Sur ce sujet, on constate aussi la récurrence d’un discours xénophobe chez les macronistes et l’extrême droite française dès qu’on parle de climat : « allez d’abord demander aux Chinois de faire des efforts ! ». Alors que l’empreinte carbone individuelle moyenne d’un Chinois équivaut à celle d’un Français et que c’est un pays qui, sur l’écologie, affiche des politiques plus volontaires et consistantes que l’Union européenne (notamment par habitude de la planification et méfiance envers le marché).

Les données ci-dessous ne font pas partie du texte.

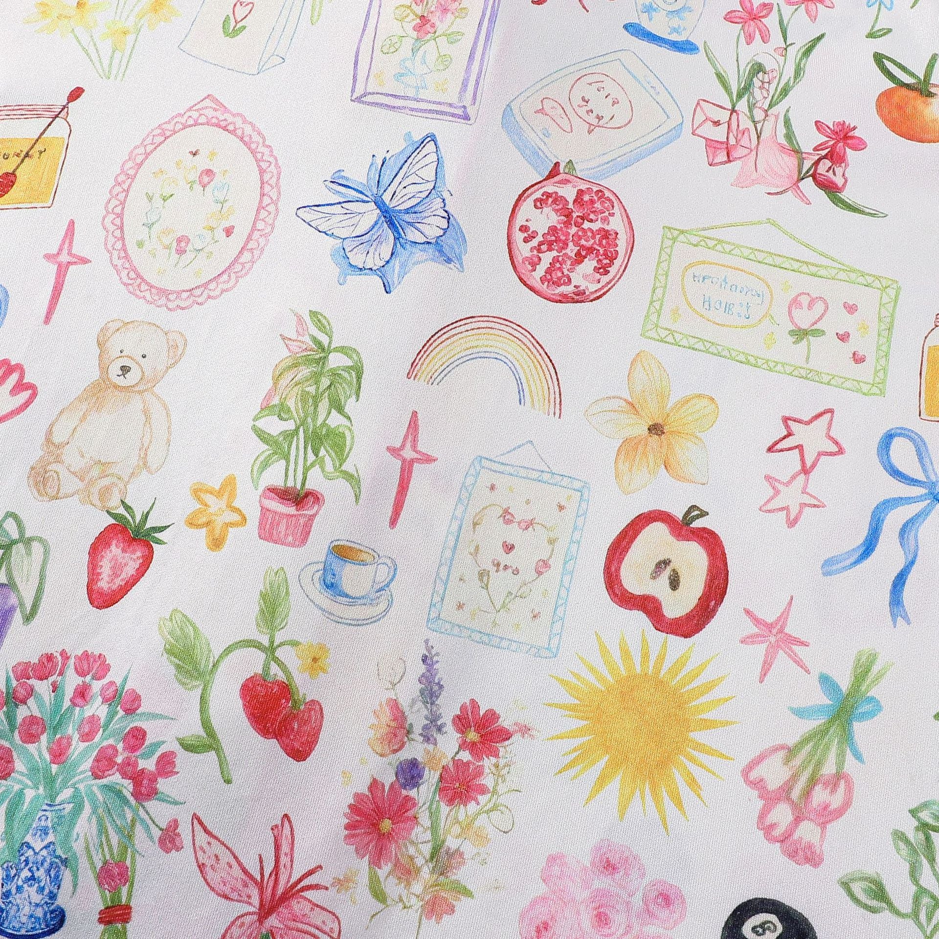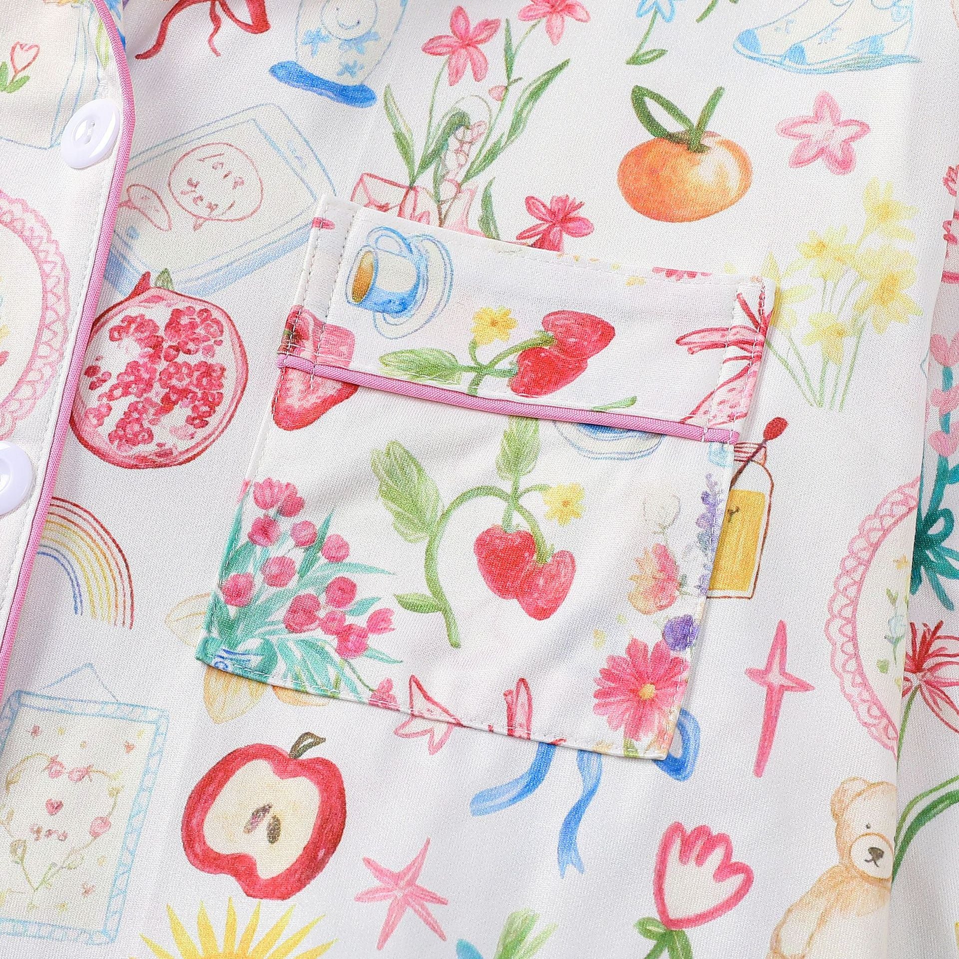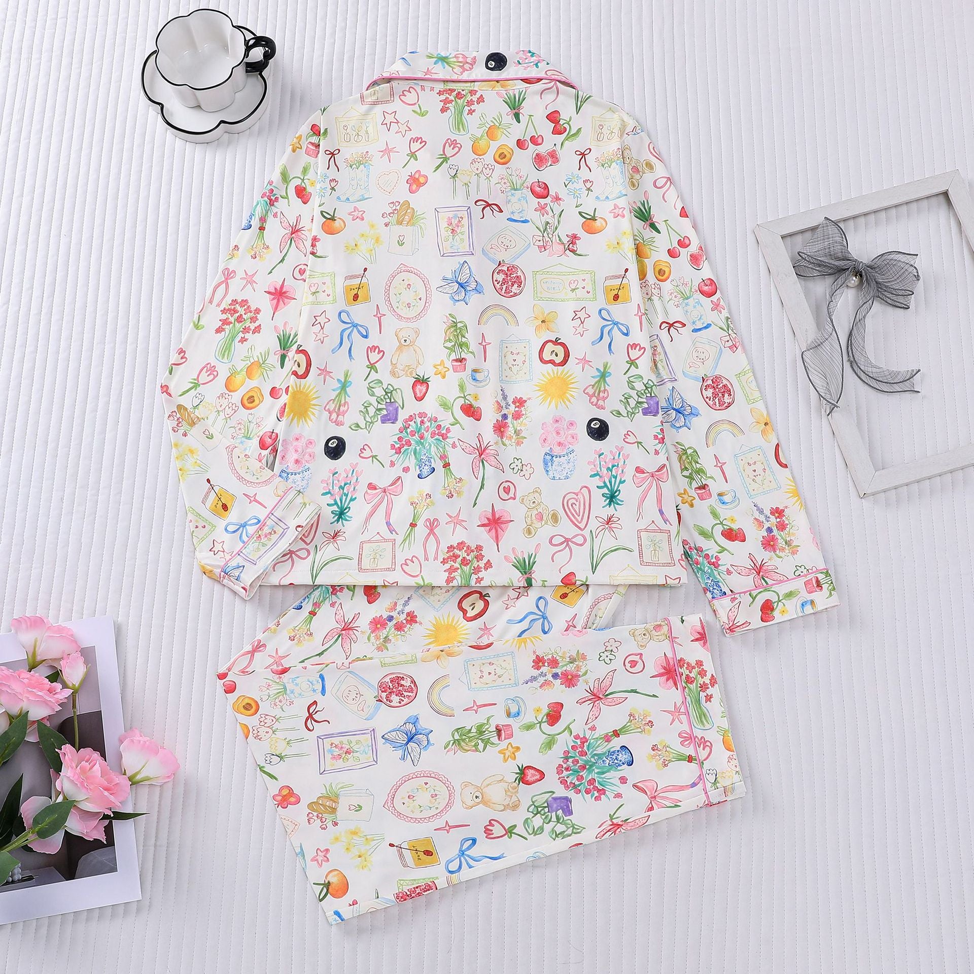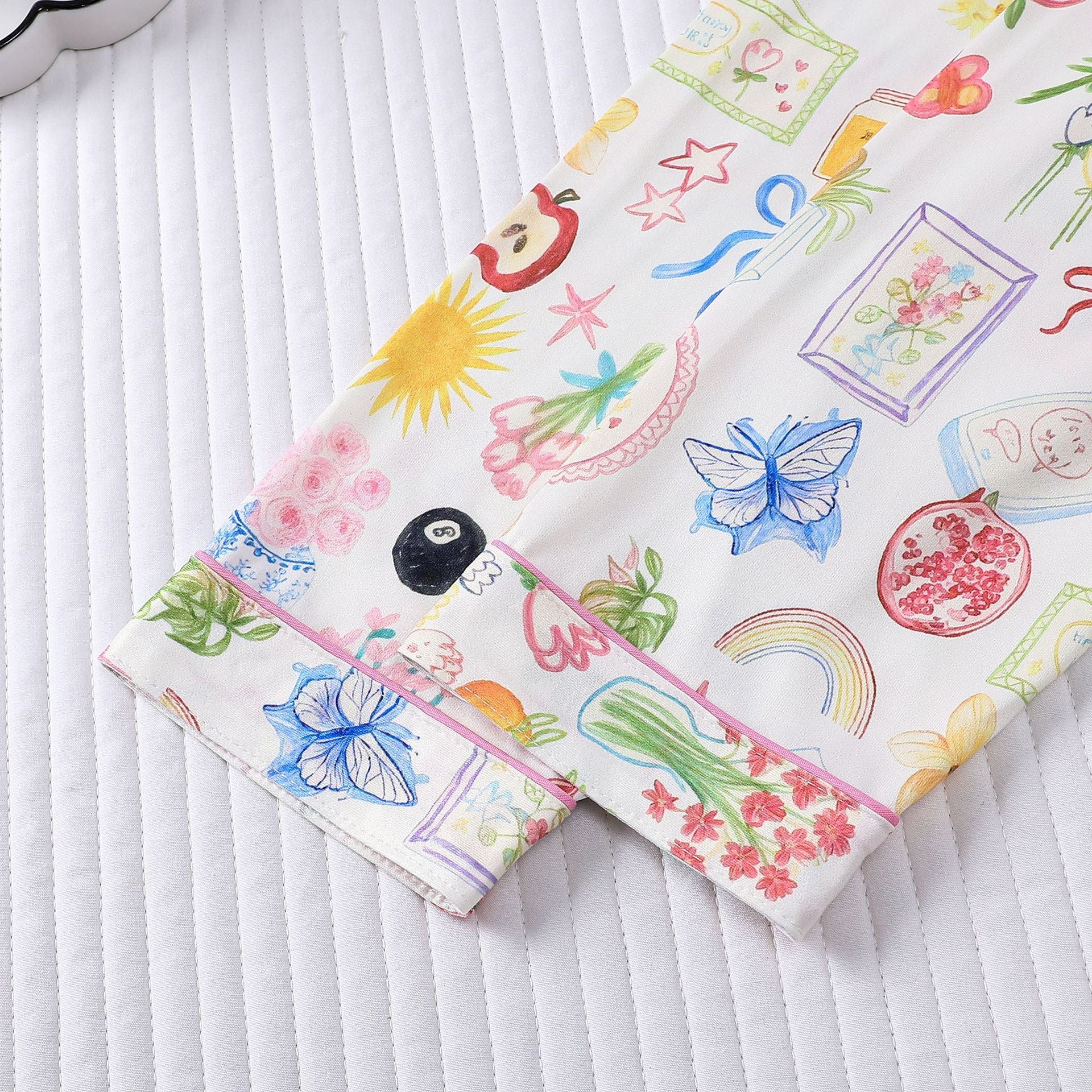 Abstract Floral Cute Draw Satin Pajama Set For Women

Mais pour revenir sur l’enjeu social, il est clair que l’écologie dominante, en France, puise dans le répertoire néolibéral pour imposer une forme de darwinisme économique : c’est le cas avec la taxe carbone (un impôt régressif qui frappe des populations pauvres et des consommations captives) ou avec les ZFE, qui dépolluent les centres-villes non seulement des particules fines mais aussi de la plèbe qui n’a pas d’autres moyens de mobilité que ses vieilles bagnoles. Idem pour les crédits carbones qui, comme dans la liturgie catholique, font office « d’indulgences » pour les riches qui veulent compenser, dans leur petite conscience, leur mode de vie barbare. Ce darwinisme écolo se trouve assaisonné par la bourgeoisie culturelle médiatique, dont l’écocitoyenneté morale forme la base discursive et qui tente de se montrer compréhensive – mais toujours de manière distinctive. On se souvient que Cyril Dion avait par exemple lancé les « gilets citoyens » pendant la mobilisation des Gilets jaunes, afin d’incarner une colère qui, contrairement à celle des classes dangereuses, aurait pleinement droit de cité.
Pour autant, même si l’on trouve des courants politiques et intellectuels parfois fumeux dans ce spectre, la décroissance constitue bel et bien le cœur du sujet : six limites planétaires sur neuf sont déjà dépassées. Par essence, notre mode de production outrepasse les limites physiques de la biosphère. Il faut donc réduire notre empreinte matérielle générale. La seule question qui se pose est donc la suivante : quelles classes sociales sont concernées par les efforts à fournir ? La réponse est simple : la bourgeoisie. Non seulement parce que son mode de vie n’est pas universalisable dans le cadre des limites planétaires, mais également parce qu’elle détient les moyens de production ; y compris, pour le moment, les moyens de produire de la politique, en l’occurence les leviers législatifs, exécutifs, diplomatiques. Or, elle n’y consent et n’y consentira pas. Il faut donc la combattre pour la destituer et finalement arriver à l’abolition des classes sociales. Ce n’est pas qu’une question de « justice ». C’est une question de transformation structurelle, qui appelle une démarche révolutionnaire.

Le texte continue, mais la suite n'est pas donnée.